Hidden Immigrants: Legacies of Growing Up Abroad

by Linda Bell.

Bell, a journalist and spouse of a career foreign service officer, brought up their two daughters in seven countries and one large Pacific island, and started becoming interested in Third Country Kids after observing the effects of overseas life on her own children.

This book is for, by and about the children of overseas Americans. The thirteen voices heard in this book are both passionate and candid. They talk both for themselves and a wider audience about what it was like for them as they found their own place in their home country after years of being formed outside. For example, as one woman quoted in the chapter titled "What Stuck—Evaluations and Wishes" emotionally explained; "I can hardly talk about what is happening in Yugoslavia at the moment.

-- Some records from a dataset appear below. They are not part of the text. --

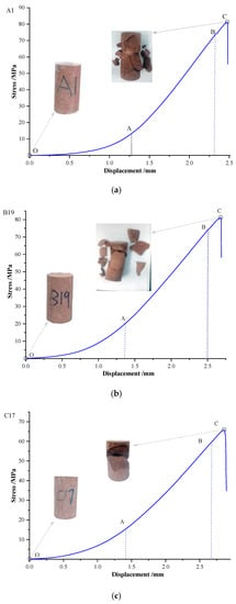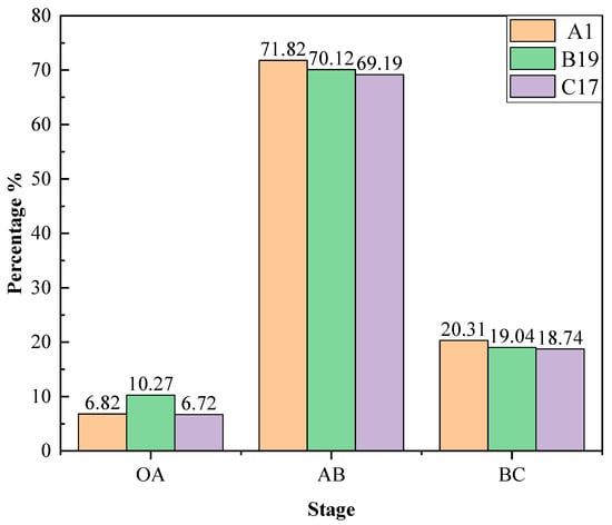 - Microfracture compaction stage (OA segment): At this stage, no microcracks are generated, all work done by the testing machine is converted into the elastic energy of the rock sample, and there is basically no energy dissipation. The energy absorbed by the three rock samples was 4.06, 7.67 and 6.72, and the corresponding ratios of the entire process were 6.82%, 10.27% and 6.72%, respectively. The rate is small but slowly increases.
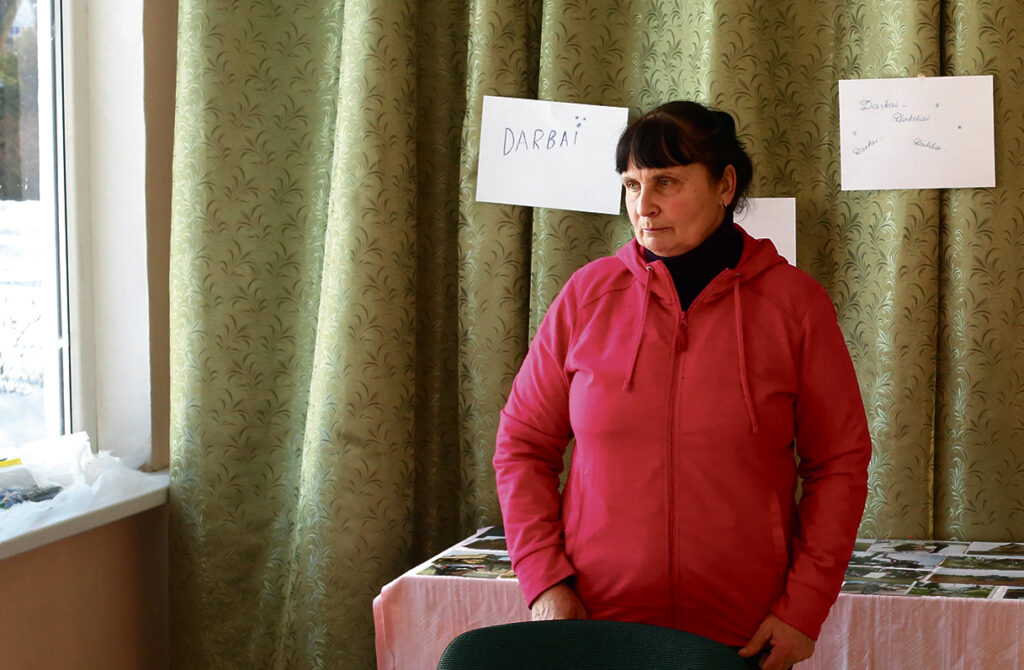 Skrebiškietės smalsiai apžiūrinėjo fotografijas, minėjo ten matomus pažįstamus žmones ir techniką, prisiminė, kur vienas ar kitas darbas vyko.
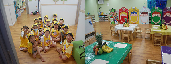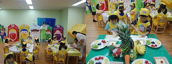 영양선생님과 인사를 나누면서 과일과 채소 이름도 알아보고 빨강, 노랑, 흰색, 초록색, 보라색 과일과
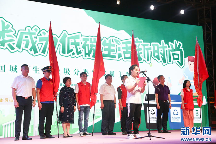 闽籍举重奥运冠军邓薇到场助阵,向广大市民朋友发出垃圾分类倡议。新华网发(许流钦 摄)
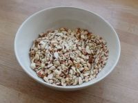将杏仁用料理机粗粗地打几下,过筛,取50克杏仁碎。
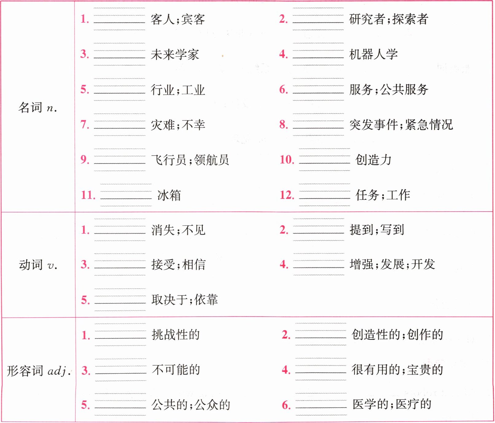 | 名词 $ n. $ | 1. ____ 客人;宾客 2. ____ 研究者;探索者 3. ____ 未来学家 4. ____ 机器人学 5. ____ 行业;工业 6. ____ 服务;公共服务 7. ____ 灾难;不幸 8. ____ 突发事件;紧急情况 9. ____ 飞行员;领航员 10. ____ 创造力 11. ____ 冰箱 12. ____ 任务;工作 |

I was a child there. Part of the problem of growing up this way is that it is very hard to go back and test your childhood impressions against the realities of the day. You lose your childhood when you grow up. Normally you could go back and check for yourself. Now I am watching this place where I grew up destroyed and I literally can't stand to watch it. It's not as if I have any great attachment to the place now—I only spent three and some years there, important years—but I was a child there. I feel as though I have to work hard to keep all these various influences in my life integrated, to adjust, but not to completely lose the childhood experiences either. To see the place physically destroyed seems symbolic."--Reviewed by Francesca Kelly for The SUN

© 1998 ISBN: 0-9401213-5-2 $19.95
Cross Cultural Publications, Inc. P.O. Box 506, Notre Dame, IN 46556
Tel: 1-800-561-6526.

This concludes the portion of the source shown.